Sadly, the declaration itself is written in UN prose, a bloodless language created in committee and intended to be as bland as possible. Even the snappy summary, found in the press release, reads like it has been translated from English to Esperanto and back again by someone armed only with a dictionary of international management consultancy:
Renewed commitment to end hunger... Countries also agreed to work to reverse the decline in domestic and international funding for agriculture and promote new investment in the sector, to improve governance of global food issues in partnership with relevant stakeholders from the public and private sector, and to proactively face the challenges of climate change to food security... UN Secretary-General Ban Ki Moon called the current food crisis "a wake-up call for tomorrow."Luckily, I speak fluent UN and, for your edification, here's a handy guide to what it all means:
Farmers are almost never at the table. Farm workers and landless people are always absent.Renewed commitment
"Renewed commitment" is a fairly straightforward way of saying "we're sticking to the promises we've made before, and we feel terrible that so many people are going hungry." The purpose of the summit was to create the political will to end hunger.
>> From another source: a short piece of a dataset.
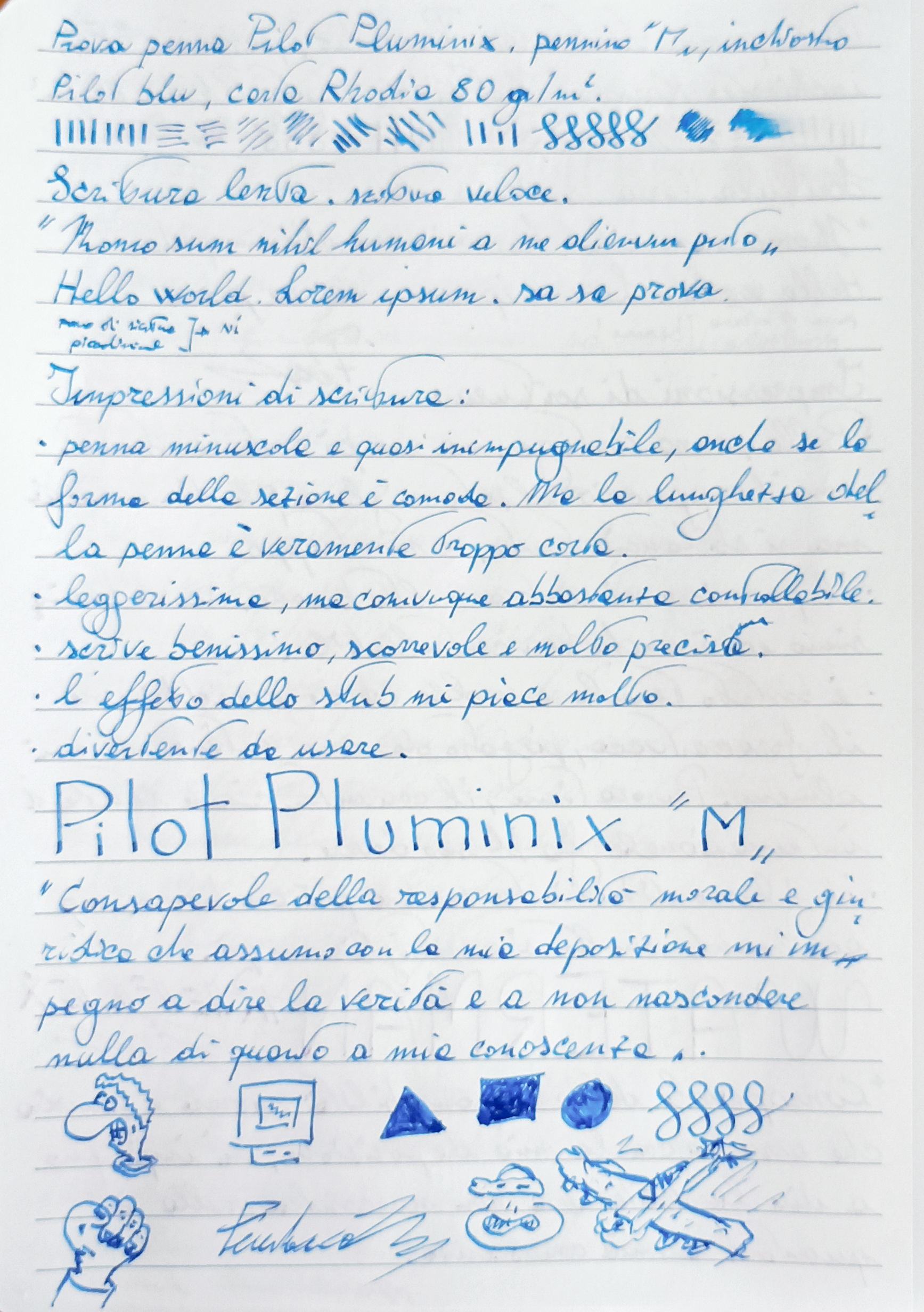 Avevo visto qualche recensione della Plumix e mi aveva incuriosito; in occasione del Pelikan HUB isernino allora ho chiesto una Plumix alla cortesissima proprietaria, che mi ha rifilato una Pluminix: c'era così tanta affluenza e così tanto da seguire che non avuto cuore di rettificare... e quindi mi sono comprato la Pluminix

Specifically, the goal was to change old policies and commit to spending the $44 billion a year required to end hunger by 2025. (To put this into some context, rich countries spend $1.3 trillion every year on weapons.) No such commitments were forthcoming. Instead, it's business as usual, and the same old promises for change. As Francisco Sarmento from ActionAid puts it, "unfortunately, the poor cannot eat promises."
Decline in international investment
Following a model of "economic liberalization" peddled by institutions like the World Bank in the 1980s, governments in poor countries were told to cut back their funding for agriculture. The "decline" in investment was imposed, as the Filipino activist and academic Walden Bello observed, with apparently benevolent motives:
U.S. Agriculture Secretary John Block put it at the start of the Uruguay Round of trade negotiations in 1986, "the idea that developing countries should feed themselves is an anachronism from a bygone era. They could better ensure their food security by relying on U.S. agricultural products, which are available, in most cases at lower cost."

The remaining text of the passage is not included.